February 14, 2017

More Business Tax Cuts Will Not Spur Economic Growth in Florida

Governor Rick Scott’s proposed business tax cuts of $618 million will have negligible impact on the state economy and job creation. Instead, instituting these cuts would make it harder for the state to invest in education, health care, roads and ports, safe communities and other crucial services that make Florida a desirable state for business.

Governor Rick Scott’s proposed business tax cuts of $618 million will have negligible impact on the state economy and job creation. Instead, instituting these cuts would make it harder for the state to invest in education, health care, roads and ports, safe communities and other crucial services that make Florida a desirable state for business.

Since 2010, Florida has cut taxes for businesses by almost $4 billion. Of this total, $1.8 billion of the cuts constituted a permanent loss in state revenues.[1] In addition, the state appropriated a total of $1.1 billion in subsidies and incentives for businesses through various economic development programs over the same period.

Empirical evidence shows tax cuts for businesses do not drive job creation or economic growth.[2] State and local taxes represent a very small share – 1.8 percent – of average business expenses.[3]

The legislative Office of Economic and Demographic Research identifies investment in key services among state investments with the highest return in state revenues.[4]  Public investment in Florida’s beaches and seaport program areas, for example, returned $5.40 and $2.70, respectively, per state dollar invested.

In comparison, seven out of eight programs that provide tax relief or subsidies to businesses failed to break even; that is, they returned less than $1 in state revenues for every state dollar invested.[5]  For example, almost $79 million was spent on the Quick Action Closing Fund (QAC); however, it returned $47 million in tax revenues, leaving QAC $32 million short of breaking even.

Florida,  despite having the nation’s fourth largest economy, ranked 49th in support for public services in 2013 (the latest year for which data are available). Per person spending was almost 40 percent less than the national average.[6]Since 2008, Florida’s support for public services has declined consistently, reaching $6,881 per person in 2013, almost 10 percent less than 2008.[7]

Florida’s support for a public education system–vital for building a well-prepared labor force–ranks 39th out of 50 states. Likewise, support for the state roads, rails, bridges and ports necessary for transporting business products ranks 23rd.

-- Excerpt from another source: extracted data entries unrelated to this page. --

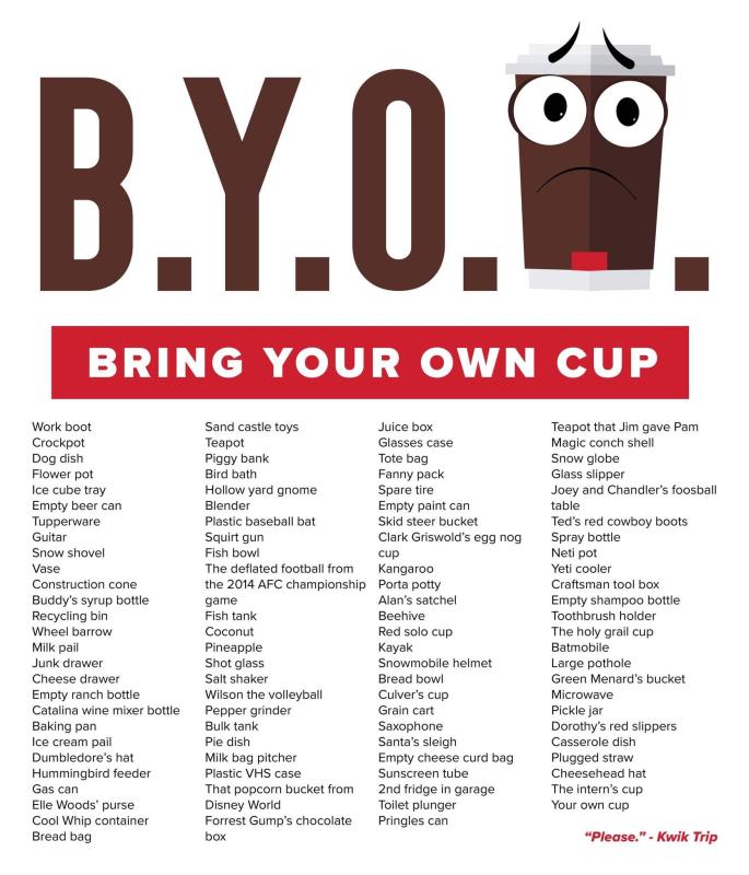 The flyer they put out jokingly sai, B.Y.O.C. (Cup) Then the company included a list of suggestions like your work book, a crockpot, the dog dish, a flower pot, ice cube tray, an empty beer can, your guitar, a vase a milk bag pitcher, pie dish, your kayak, well, you get the picture.
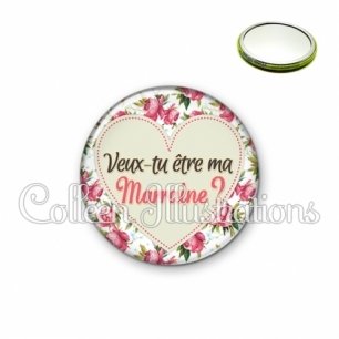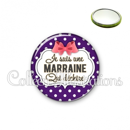Miroir simple avec dos métallique décoré d'une image fantaisie et texte.
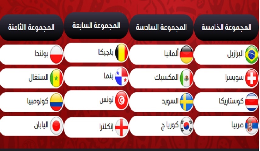 المجموعة الخامسة: البرازيل، سويسرا، كوستاريكا، وصربيا
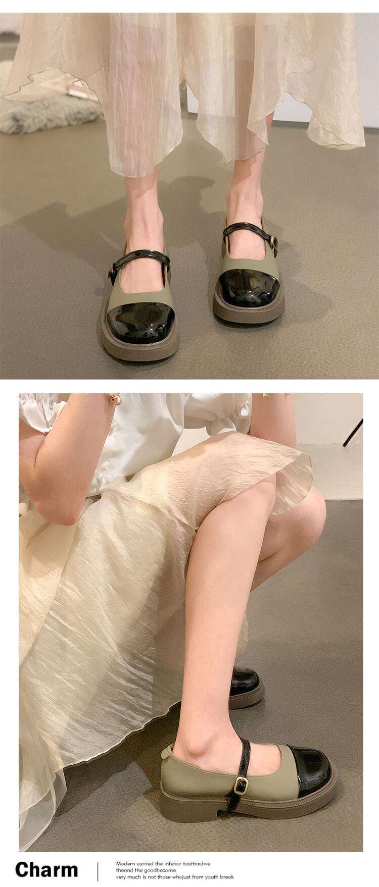 メリージェーンの靴の女性の2022年夏の新しいファッションオールマッチレトロバックルラウンドヘッド厚いヒール滑り止めの小さな革の靴の潮 シューズ サマー 夏物 レザー jxjxf90852635582

Florida cannot afford more business tax cuts at the expense of core services. Lawmakers should reject the governor’s proposed tax cuts and business subsidies and instead invest tax revenues in priorities such as education, affordable healthcare, safe and clean communities, roads, bridges, seaports and affordable workforce housing, all of which are critical for economic growth and creating an attractive business environment.

Notes

[1] Office of Economic and Demographic Research, Florida Fiscal Analysis in Brief, 2010 – 2016

[2] Wiliam Gale, Aaron Krupkin, and Kim Rueben. “The Growth Mirage: State tax Cuts Do Not Automatically Lead to Economic Growth”. Tax Policy Center, September 8, 2015.

[3] Grading the States: Business Climate Ranking and the Real Path to Prosperity.

[4] Office of Economic and Demographic Research, Florida’s Financially-Based Economic Development Tools and Return on Investment Presentation to the Florida Legislature, House Careers and Competition Subcommittee meeting held on January 11, 2017. p. 12.

[5] Office of Economic and Demographic Research, Economic Evaluation for Selected State Economic Development Incentive Programs, Revised Version, January 2017.

[6] Florida Policy Institute, Florida Ranks 49th in the Nation in Support for Public Services, 2017

[7] Singh, Dhanraj (2017): Florida’s Support for Public Services Lowest Since the Recession and Trending Downwards,Florida Policy Institute, 2017.